- Given data
::::
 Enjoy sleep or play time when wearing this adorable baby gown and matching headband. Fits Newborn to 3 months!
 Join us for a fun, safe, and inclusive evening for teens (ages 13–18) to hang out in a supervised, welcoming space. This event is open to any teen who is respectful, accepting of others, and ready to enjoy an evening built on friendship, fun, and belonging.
::::
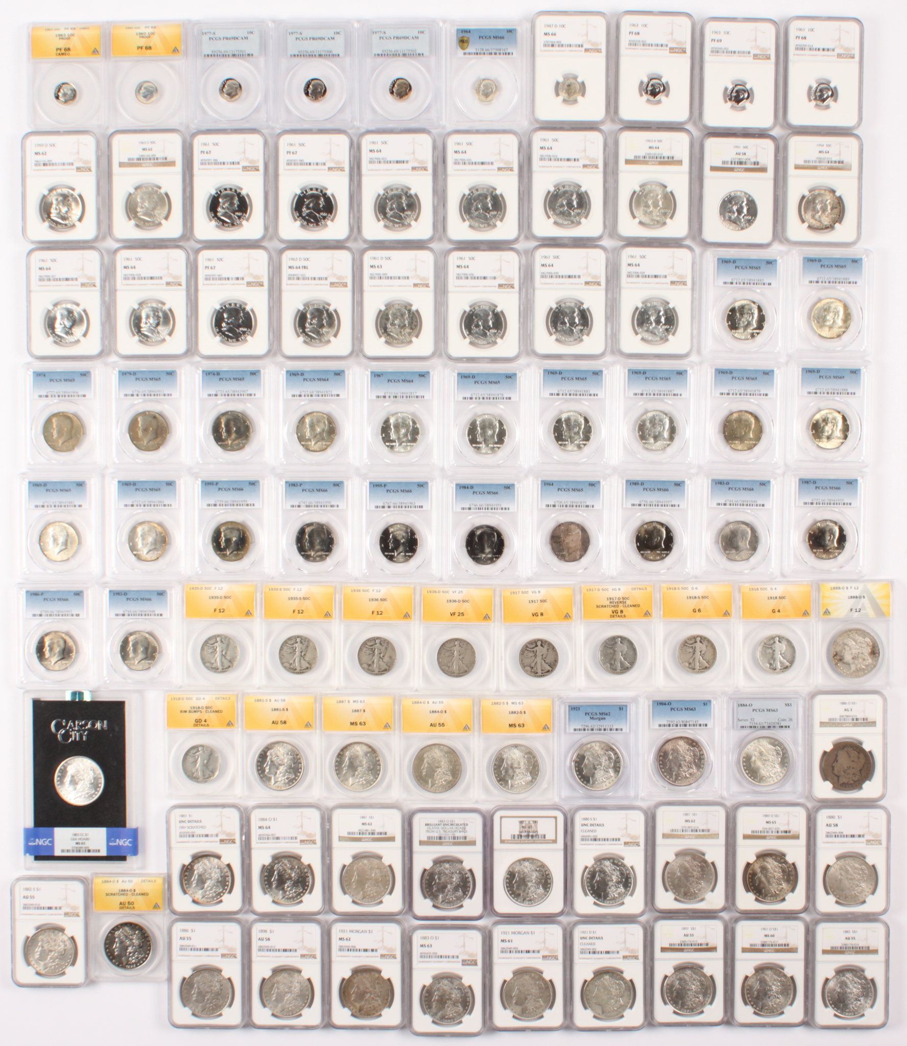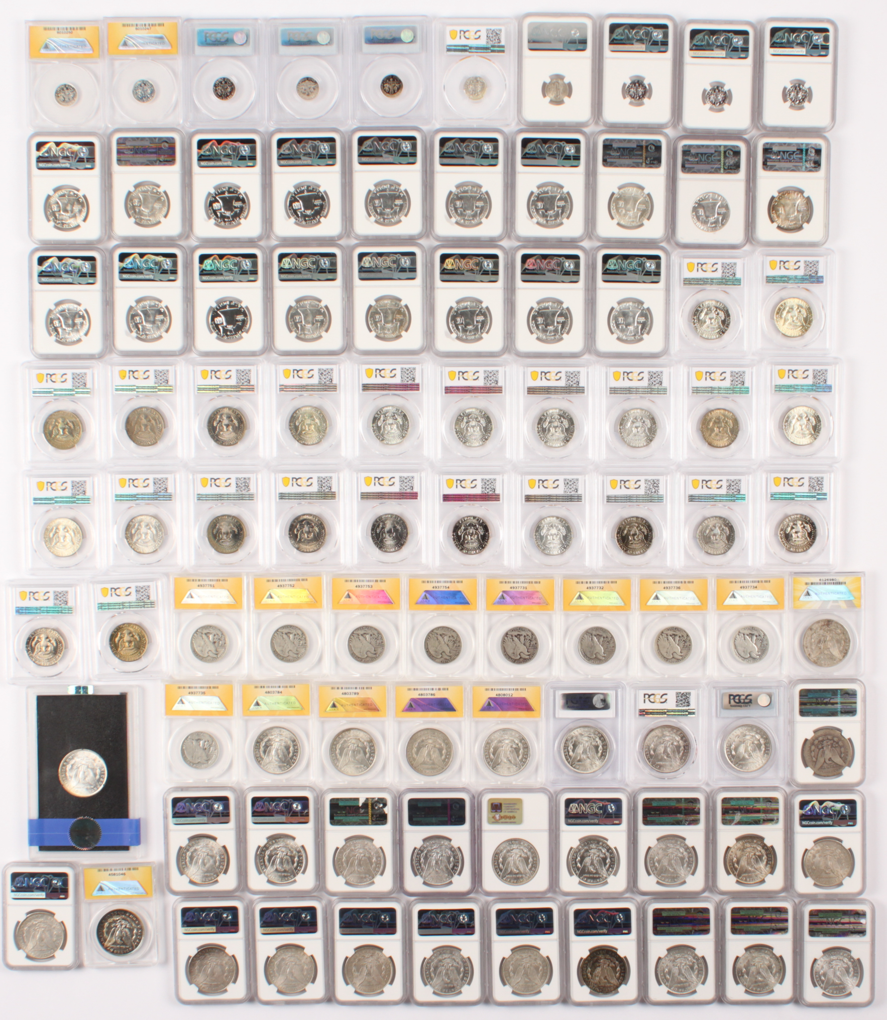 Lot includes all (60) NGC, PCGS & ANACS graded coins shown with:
::::
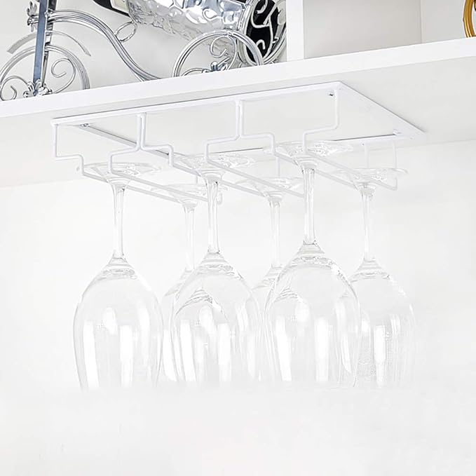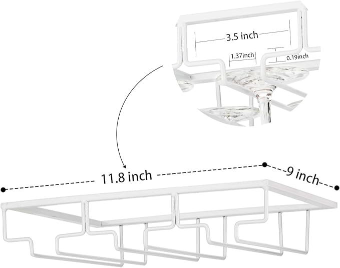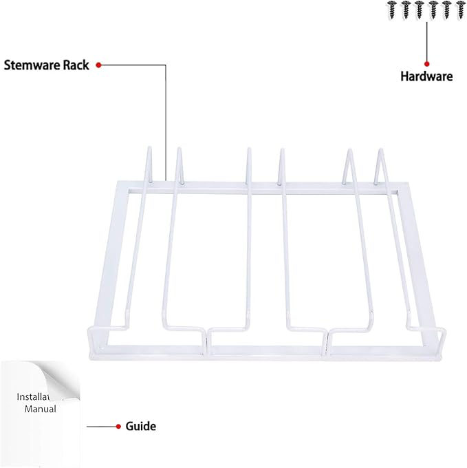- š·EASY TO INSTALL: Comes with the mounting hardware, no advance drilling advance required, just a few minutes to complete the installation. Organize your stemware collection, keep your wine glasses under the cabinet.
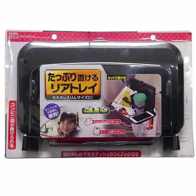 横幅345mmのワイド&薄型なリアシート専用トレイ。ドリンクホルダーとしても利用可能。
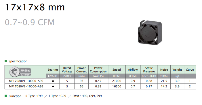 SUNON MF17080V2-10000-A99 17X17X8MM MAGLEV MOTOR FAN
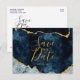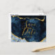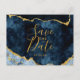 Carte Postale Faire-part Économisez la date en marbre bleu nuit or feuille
::::
- How to complete this task
Within the entries above, the lines from the one containing "SUNON MF17080V2-10000-A99 17X17X8MM" through the one containing "Carte Postale Faire-part" are to be transcribed exactly, ends included, pictures excluded.

- Output for this exercise
 SUNON MF17080V2-10000-A99 17X17X8MM MAGLEV MOTOR FAN
 Carte Postale Faire-part Économisez la date en marbre bleu nuit or feuille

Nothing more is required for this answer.